Exercise - Any picture in the data below gets skipped; print all the rest exactly.
-- Source material follows --
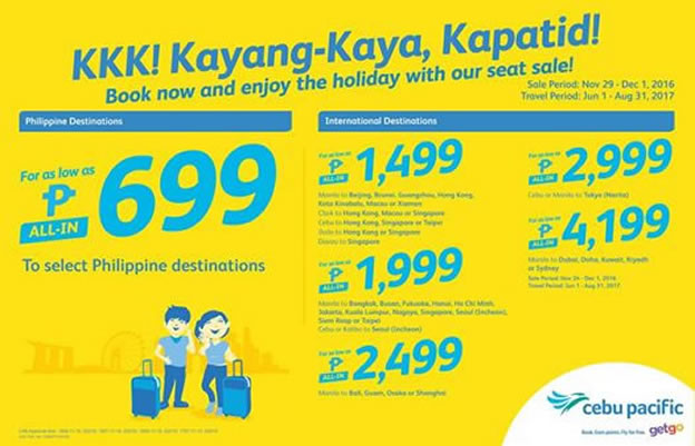 Get this amazing Cebu Pacific Promo: KKK! Kayang-kaya, Kapatid! Book now and enjoy the holiday with Cebu Pacific Seat Sale! Enjoy the holiday with the new seat sale! Book now until December 1, 2016! For as low as P699. You can buy this promo up to November 29, 2016 or until seats last and travel period on June 1, 2017 to August 31, 2017.
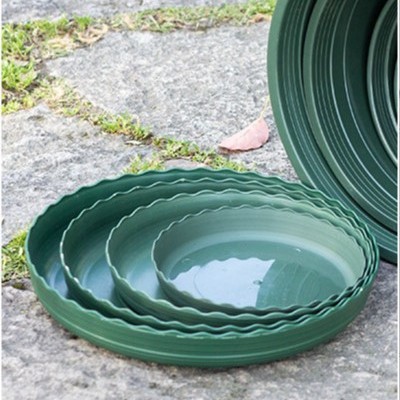 工厂直供绿色托盘 圆形花边加厚多规格塑料加仑盆绿色托盘 批发
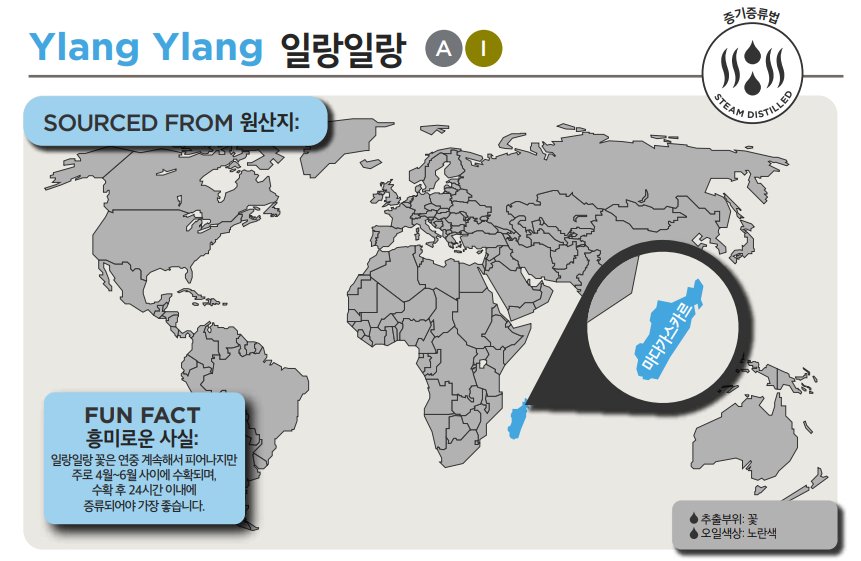 ‘꽃 중의 꽃’이라는 의미의 일랑일랑 오일은 열대 일랑일랑 나무에서 피는 별 모양의 꽃에서 추출하며, 상큼한 재스민 향이 납니다.
-- Source material concluded --
Output -
 Get this amazing Cebu Pacific Promo: KKK! Kayang-kaya, Kapatid! Book now and enjoy the holiday with Cebu Pacific Seat Sale! Enjoy the holiday with the new seat sale! Book now until December 1, 2016! For as low as P699. You can buy this promo up to November 29, 2016 or until seats last and travel period on June 1, 2017 to August 31, 2017.
 工厂直供绿色托盘 圆形花边加厚多规格塑料加仑盆绿色托盘 批发
 ‘꽃 중의 꽃’이라는 의미의 일랑일랑 오일은 열대 일랑일랑 나무에서 피는 별 모양의 꽃에서 추출하며, 상큼한 재스민 향이 납니다.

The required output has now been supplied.